Top of Supplied records

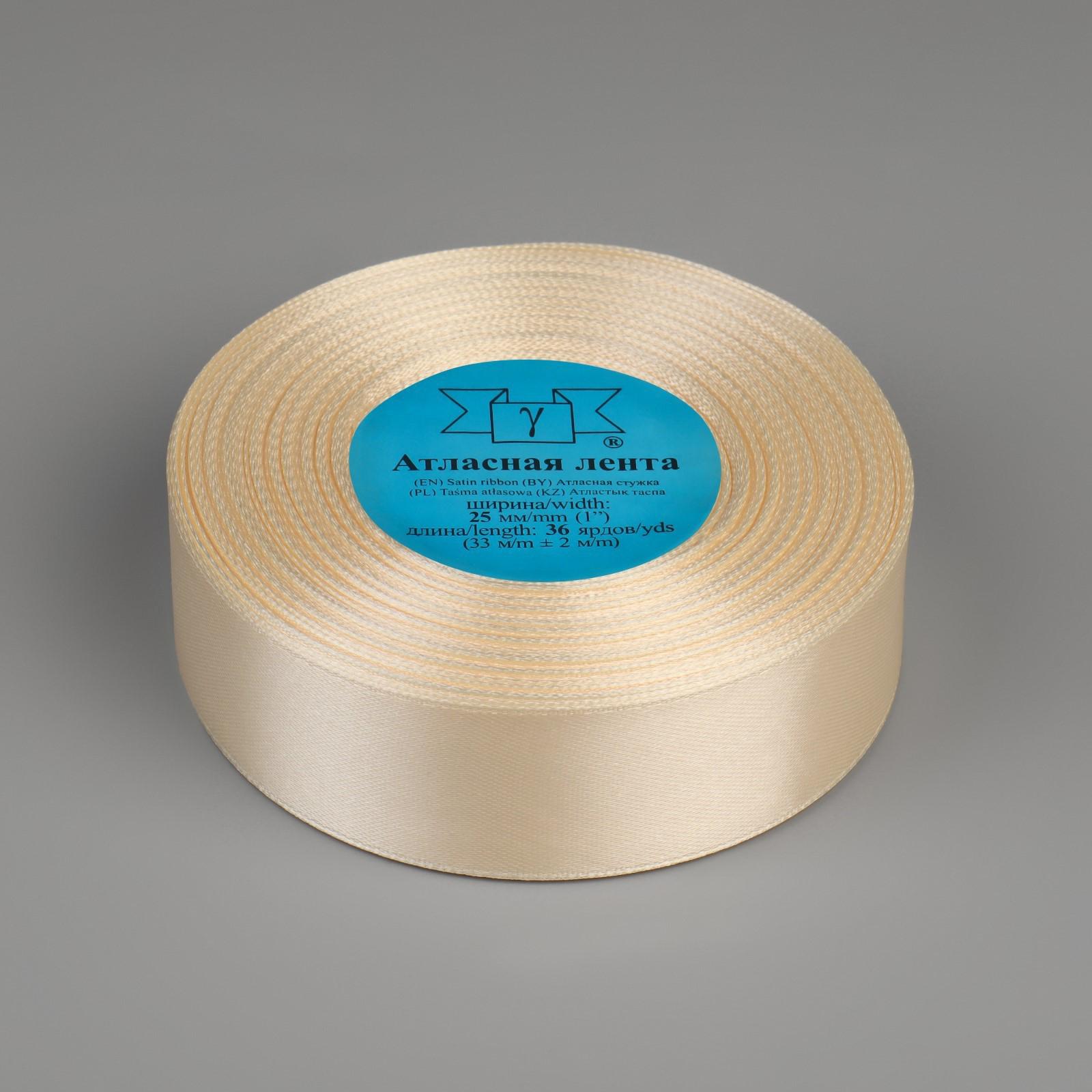 Лента атласная, 25 мм × 33 ± 2 м, цвет кремовый №008
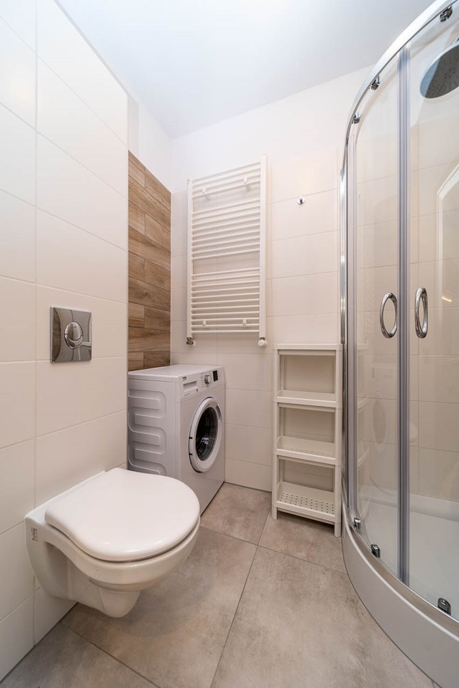 Łazienka razem z WC: lustro z półką, kabina prysznicowa, pralka, regał.
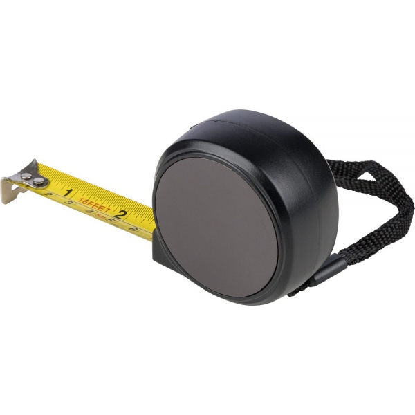 Miarka magnetyczna o długości 5 metrów, cale i centymetry, przycisk na wierzchu zwalniający blokadę, opaska na nadgarstek, zapakowana pojedynczo w brązowy kartonik, produkt wykonany z ABS, metalu i poliestru
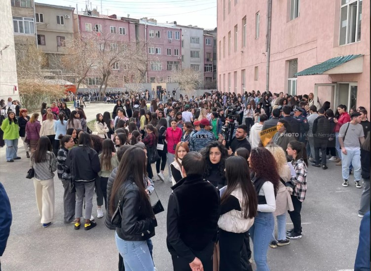 ԵՐԵՎԱՆ, 15 մարտի – Sputnik. Վալերի Բրյուսովի անվան պետական համալսարանի ուսանողներն այս պահին բուհի դիմաց դասադուլ են անում․ նրանք դեմ են ռեկտորի ժամանակավոր պաշտոնակատար Դավիթ Գյուրջինյանի նշանակմանը։
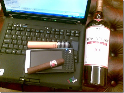 Saturday night. It is time to put gadgets aside and turn to other pleasures. Habanos, the best cigars out there. Hoyo de Monterrey Epicure No.2 and Cohiba Siglo VI. Macallan single malt scotch whisky. 10 years old. Cask strength (58.4%Vol). Last comparative shot before uncorking and lighting up. Bye.
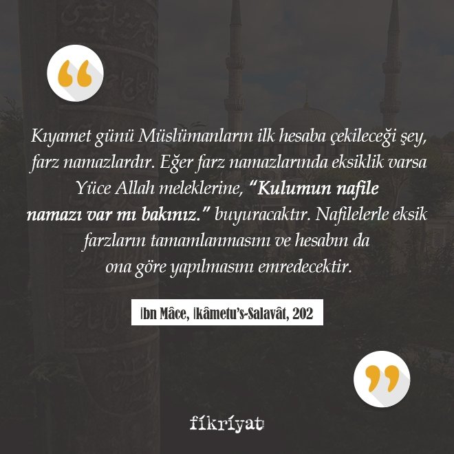◾ Kıyamet günü Müslümanların ilk hesaba çekileceği şey, farz namazlardır. Eğer farz namazlarında eksiklik varsa Yüce Allah meleklerine, "Kulumun nafile namazı var mı bakınız." buyuracaktır. Nafilelerle eksik farzların tamamlanmasını ve hesabın da ona göre yapılmasını emredecektir.
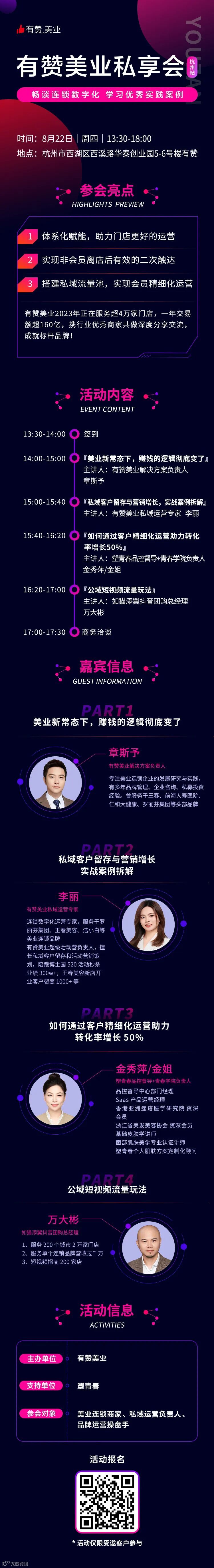 2024年8月22日,有赞美业私享会·杭州站,共话祛痘美肤行业的客户精细化、智能化运营,扫描文末二维码立即报名。
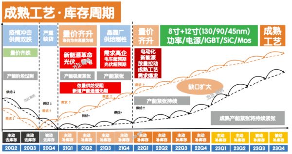 由图可以看到,成熟工艺直到2023年第二季度都是主动补库存,电动化新能源放量拉动成熟工艺需求爆发,缺口变大,产能紧张将持续。需求持续是大于供给的。“全球大趋势推动而不断增长的晶圆需求,加上半导体产业结构性转变,成熟制程还是供不应求。”联电发言人也如此说道。
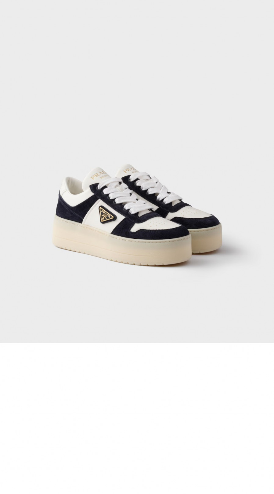 프라다 다운타운 볼드 나파 가죽 및 스웨이드 스니커즈 1E792M > WOMAN

Bottom of Supplied records

Give the data again exactly as it appears, but without any images.

 Лента атласная, 25 мм × 33 ± 2 м, цвет кремовый №008
 Łazienka razem z WC: lustro z półką, kabina prysznicowa, pralka, regał.
 Miarka magnetyczna o długości 5 metrów, cale i centymetry, przycisk na wierzchu zwalniający blokadę, opaska na nadgarstek, zapakowana pojedynczo w brązowy kartonik, produkt wykonany z ABS, metalu i poliestru
 ԵՐԵՎԱՆ, 15 մարտի – Sputnik. Վալերի Բրյուսովի անվան պետական համալսարանի ուսանողներն այս պահին բուհի դիմաց դասադուլ են անում․ նրանք դեմ են ռեկտորի ժամանակավոր պաշտոնակատար Դավիթ Գյուրջինյանի նշանակմանը։
 Saturday night. It is time to put gadgets aside and turn to other pleasures. Habanos, the best cigars out there. Hoyo de Monterrey Epicure No.2 and Cohiba Siglo VI. Macallan single malt scotch whisky. 10 years old. Cask strength (58.4%Vol). Last comparative shot before uncorking and lighting up. Bye.
◾ Kıyamet günü Müslümanların ilk hesaba çekileceği şey, farz namazlardır. Eğer farz namazlarında eksiklik varsa Yüce Allah meleklerine, "Kulumun nafile namazı var mı bakınız." buyuracaktır. Nafilelerle eksik farzların tamamlanmasını ve hesabın da ona göre yapılmasını emredecektir.
 2024年8月22日,有赞美业私享会·杭州站,共话祛痘美肤行业的客户精细化、智能化运营,扫描文末二维码立即报名。
 由图可以看到,成熟工艺直到2023年第二季度都是主动补库存,电动化新能源放量拉动成熟工艺需求爆发,缺口变大,产能紧张将持续。需求持续是大于供给的。“全球大趋势推动而不断增长的晶圆需求,加上半导体产业结构性转变,成熟制程还是供不应求。”联电发言人也如此说道。
 프라다 다운타운 볼드 나파 가죽 및 스웨이드 스니커즈 1E792M > WOMAN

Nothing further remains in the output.